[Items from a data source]
_ _ _ _

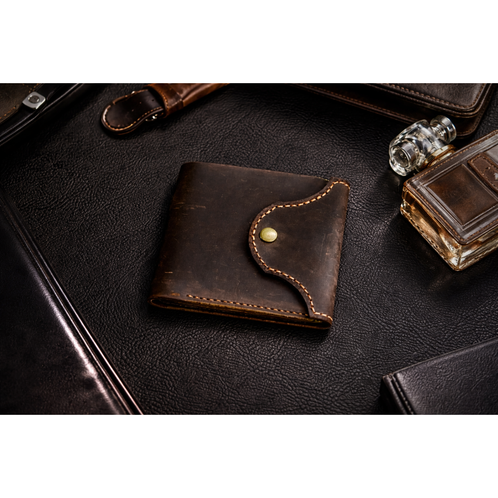 Мужской кожаный кошелек Texas — стильный и практичный аксессуар для хранения денег и банковских карт. Изготовленный вручную из натуральной кожи Crazy Horse цвета орех, он сочетает долговечность, минимализм и удобство использования.
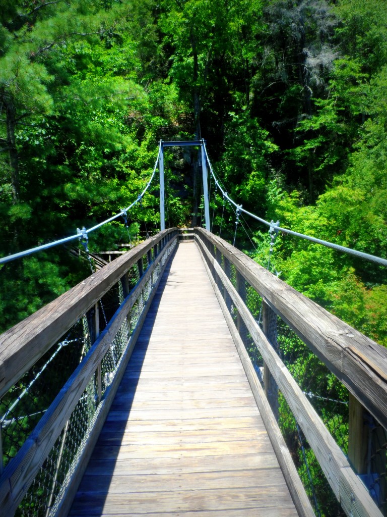 If you’re unable to explore the gorge floor—or if it only whets your appetite for more adventure—the Hurricane Falls Loop Trail is a must. This challenging route begins at the Interpretive Center with a comfortable, rubber-paved path before plunging into the dramatic elevation changes of the North Rim Trail. The trail leads to a suspension bridge that spans the river, offering jaw-dropping views of the gorge 80 feet below. For those seeking more scenic vistas, the rim trails guide visitors to a series of stunning overlooks. Be warned: every trail into and out of Tallulah Gorge is considered very strenuous. If the hike doesn’t leave you breathless, the views from the bridge certainly will.
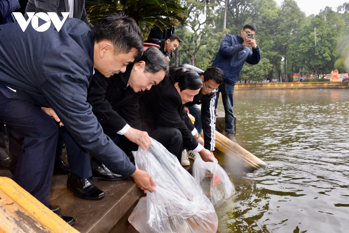 Chủ tịch Quốc hội thực hiện nghi thức thả cá tại ao cá Bác Hồ.
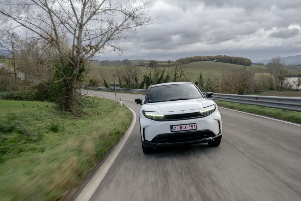 Neither the lighter single-motor nor heavier AWD variants are better at dealing with this stuff, so don’t go expecting added weight to settle the Toyota down on its springs.
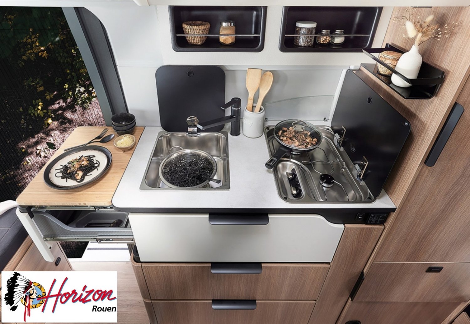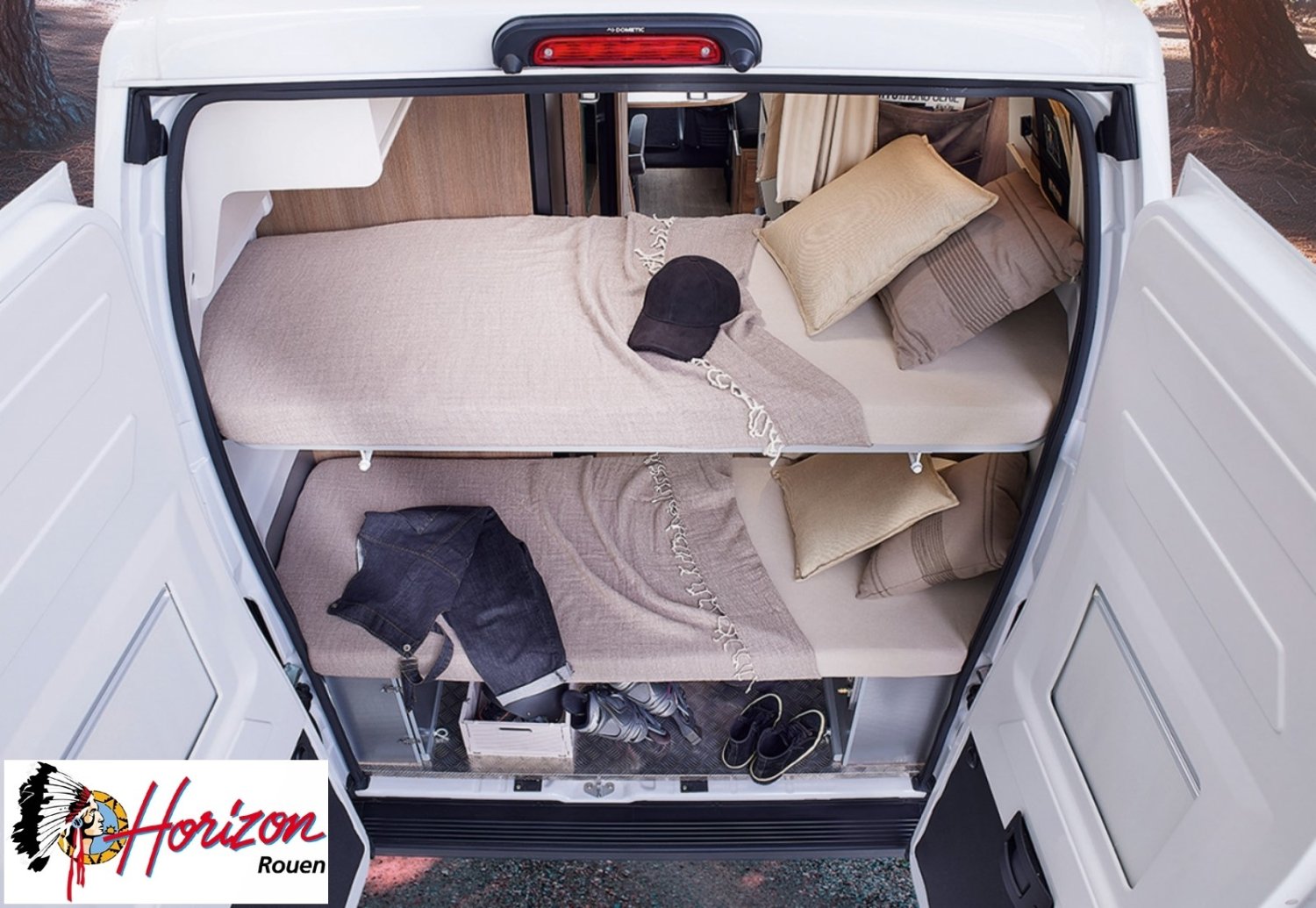 Sa salle de bain DUO’SPACE exploite intelligemment chaque centimètre pour un confort optimal au quotidien, tandis que le double plancher technique offre des rangements astucieux pour toute la famille. Le lit pavillon assisté par vérin se déploie facilement, libérant un véritable espace de vie en journée.
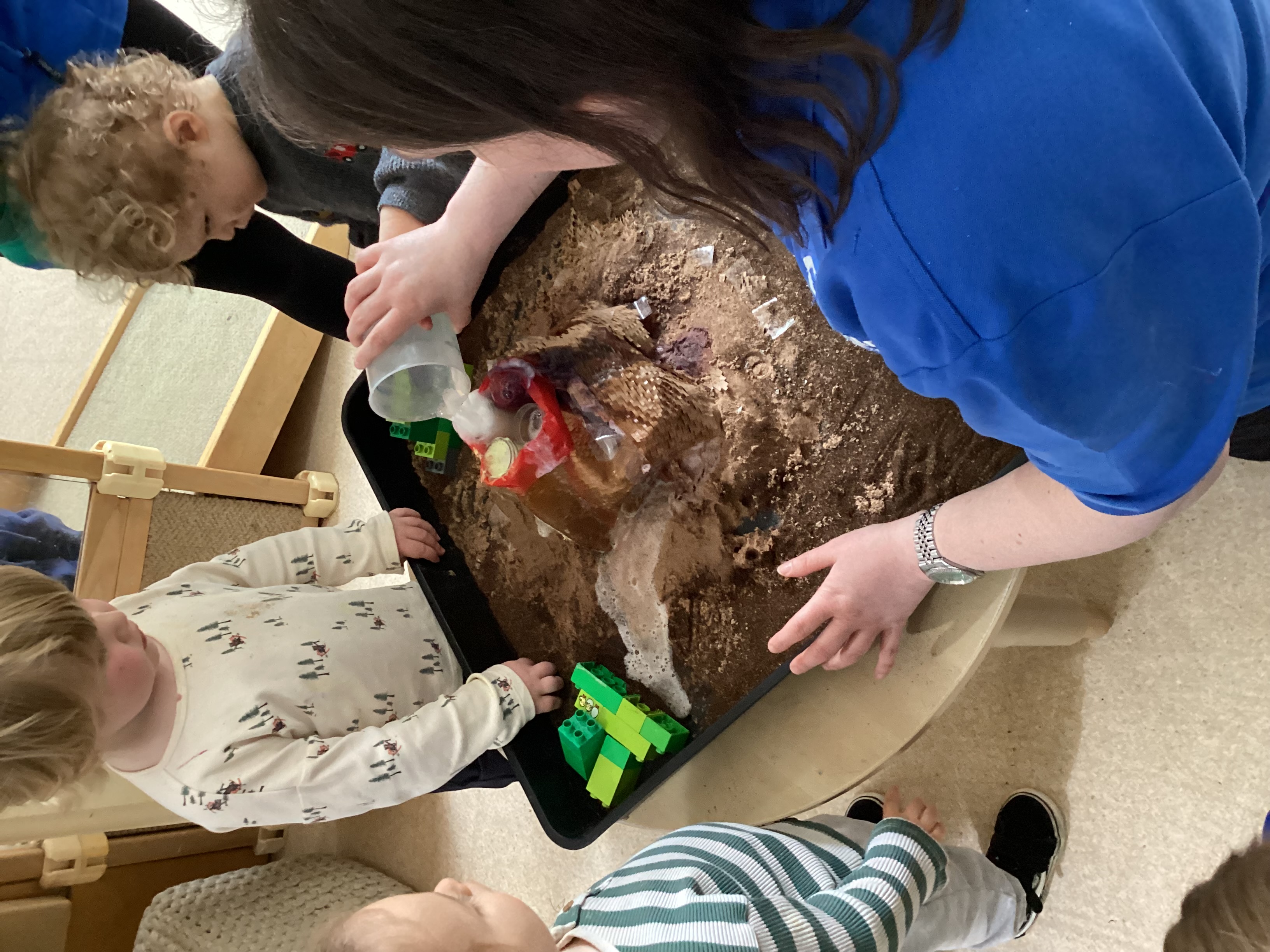 For science week the babies turned into mini scientists and created their own potions using coloured water, lemons limes and flowers the babies really enjoy water play currently so this is an activity they instantly became engaged in.
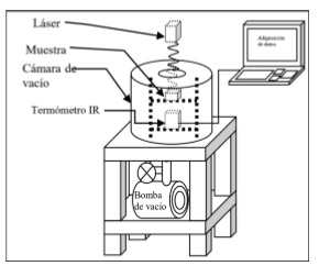 En la figura 8 se muestra un esquema del sistema experimental de relajación térmica (RT) que se usó para medir el calor específico del adhesivo. La muestra se radia con un haz de luz láser (en este caso de longitud de onda de 480 nm) y se registran las variaciones de temperatura, utilizando termometría IR; esta medición se repite dentro de una cámara cilíndrica de acero inoxidable de 400 mm de alto y 250 mm de diámetro, en la que se hace vacío mediante una bomba Leybold Trivac D 2,5 E, con la que se alcanza una presión interna de alrededor de 2x10-3 mbar. En su configuración convencional, esta técnica se basa en la perturbación, mediante iluminación constante, del estado de equilibrio termodinámico de una muestra suspendida adiabáticamente dentro de una celda en la que se hace vacío, y en la medición de la variación de su temperatura absoluta T en función del tiempo (t). Si la desviación de la temperatura del sistema con respecto al estado de equilibrio es pequeña (ΔT<0), la relajación se manifiesta de acuerdo con la ecuación (1):
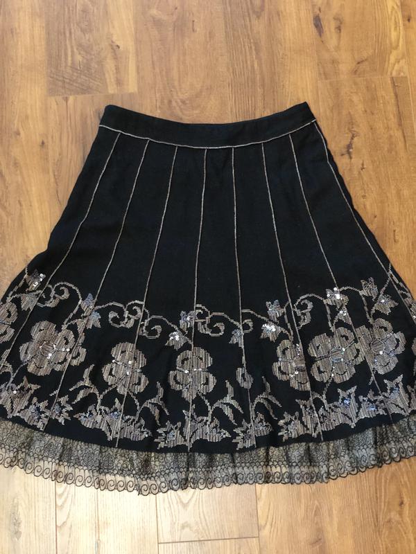 Спідниця в ідеальному стані. Замок працює без нарікань. Тканина на відчуття як шерстяна. Пояс 40 Довжина вся 64, довжина верхнього шару 59.

_ _ _ _

*Work required*:
Through the line containing "Sa salle de" and no further, restate the data above word for word from its first line, leaving out pictures.

*Final answer*:
 Мужской кожаный кошелек Texas — стильный и практичный аксессуар для хранения денег и банковских карт. Изготовленный вручную из натуральной кожи Crazy Horse цвета орех, он сочетает долговечность, минимализм и удобство использования.
 If you’re unable to explore the gorge floor—or if it only whets your appetite for more adventure—the Hurricane Falls Loop Trail is a must. This challenging route begins at the Interpretive Center with a comfortable, rubber-paved path before plunging into the dramatic elevation changes of the North Rim Trail. The trail leads to a suspension bridge that spans the river, offering jaw-dropping views of the gorge 80 feet below. For those seeking more scenic vistas, the rim trails guide visitors to a series of stunning overlooks. Be warned: every trail into and out of Tallulah Gorge is considered very strenuous. If the hike doesn’t leave you breathless, the views from the bridge certainly will.
 Chủ tịch Quốc hội thực hiện nghi thức thả cá tại ao cá Bác Hồ.
 Neither the lighter single-motor nor heavier AWD variants are better at dealing with this stuff, so don’t go expecting added weight to settle the Toyota down on its springs.
 Sa salle de bain DUO’SPACE exploite intelligemment chaque centimètre pour un confort optimal au quotidien, tandis que le double plancher technique offre des rangements astucieux pour toute la famille. Le lit pavillon assisté par vérin se déploie facilement, libérant un véritable espace de vie en journée.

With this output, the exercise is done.